- WORK ITEM:
Return all of the data exactly, omitting any images.

DATA EXTRACT Start Marker

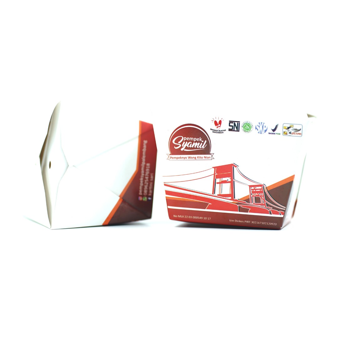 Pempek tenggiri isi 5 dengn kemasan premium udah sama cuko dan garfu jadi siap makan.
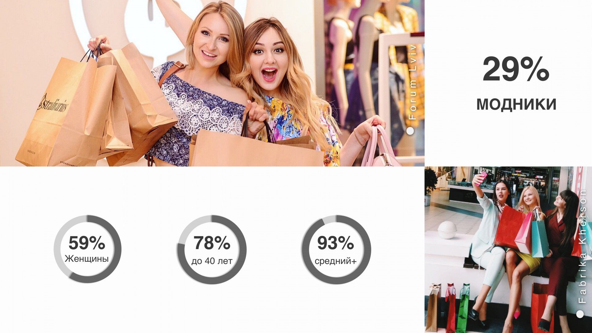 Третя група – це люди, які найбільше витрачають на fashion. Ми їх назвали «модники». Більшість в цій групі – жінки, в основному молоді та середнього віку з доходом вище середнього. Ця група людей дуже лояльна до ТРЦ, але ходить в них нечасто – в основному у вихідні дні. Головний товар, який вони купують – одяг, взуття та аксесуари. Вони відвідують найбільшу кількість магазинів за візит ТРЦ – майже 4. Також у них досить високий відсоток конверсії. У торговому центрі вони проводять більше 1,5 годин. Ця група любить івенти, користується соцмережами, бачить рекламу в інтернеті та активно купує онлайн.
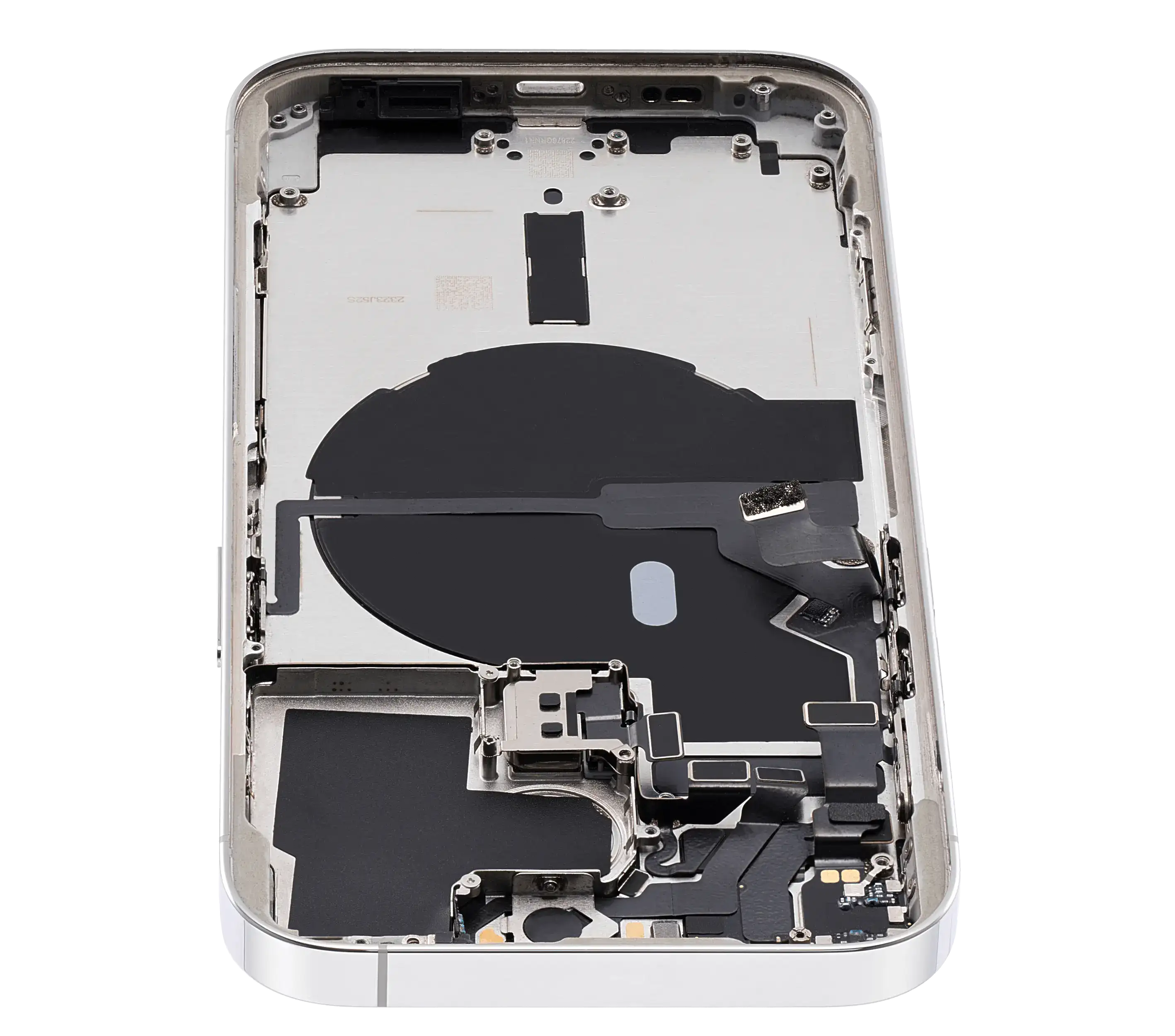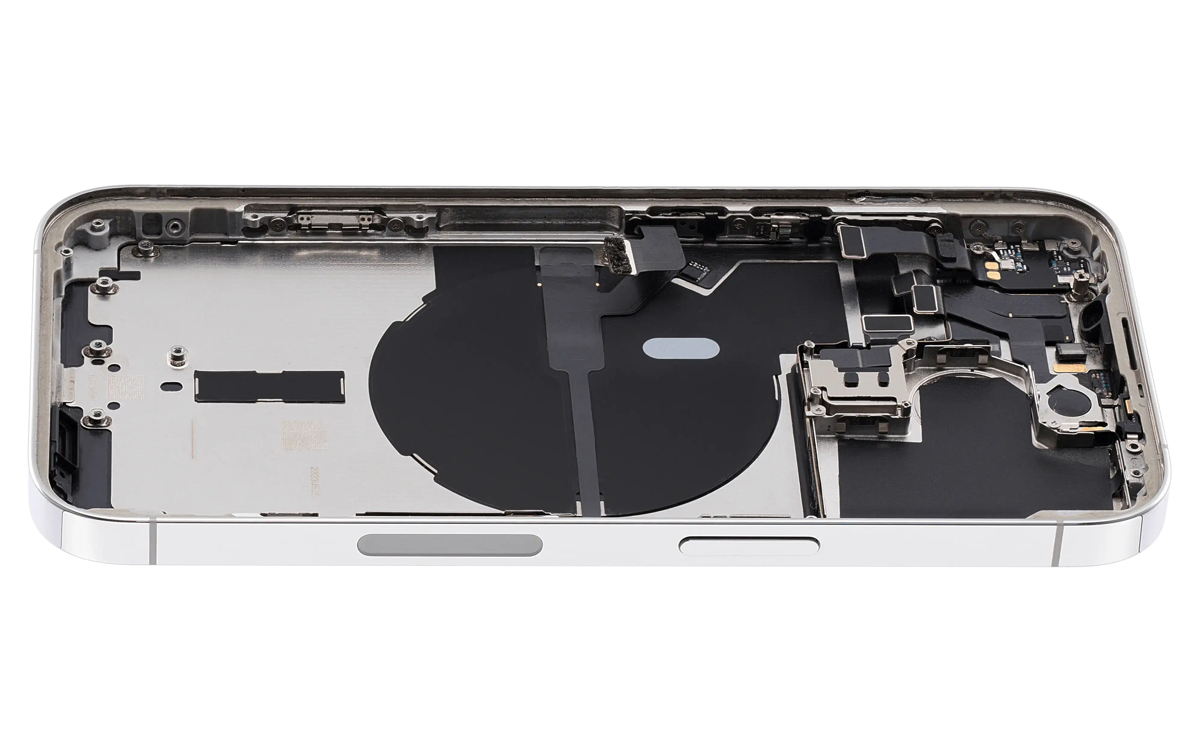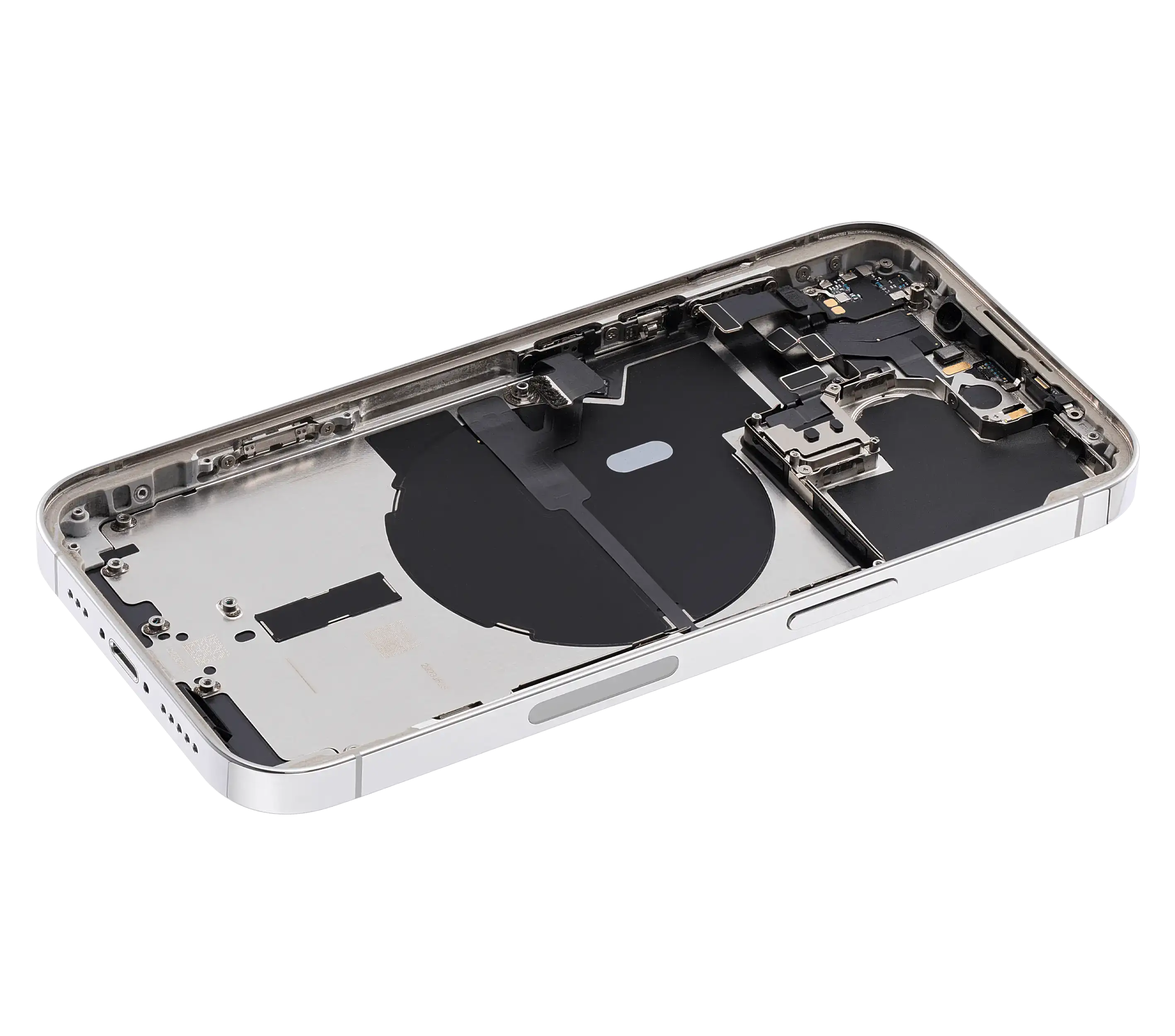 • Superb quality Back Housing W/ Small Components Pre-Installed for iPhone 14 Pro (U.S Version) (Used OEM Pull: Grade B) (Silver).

DATA EXTRACT End Marker

- ANSWER SPACE:
 Pempek tenggiri isi 5 dengn kemasan premium udah sama cuko dan garfu jadi siap makan.
 Третя група – це люди, які найбільше витрачають на fashion. Ми їх назвали «модники». Більшість в цій групі – жінки, в основному молоді та середнього віку з доходом вище середнього. Ця група людей дуже лояльна до ТРЦ, але ходить в них нечасто – в основному у вихідні дні. Головний товар, який вони купують – одяг, взуття та аксесуари. Вони відвідують найбільшу кількість магазинів за візит ТРЦ – майже 4. Також у них досить високий відсоток конверсії. У торговому центрі вони проводять більше 1,5 годин. Ця група любить івенти, користується соцмережами, бачить рекламу в інтернеті та активно купує онлайн.
 • Superb quality Back Housing W/ Small Components Pre-Installed for iPhone 14 Pro (U.S Version) (Used OEM Pull: Grade B) (Silver).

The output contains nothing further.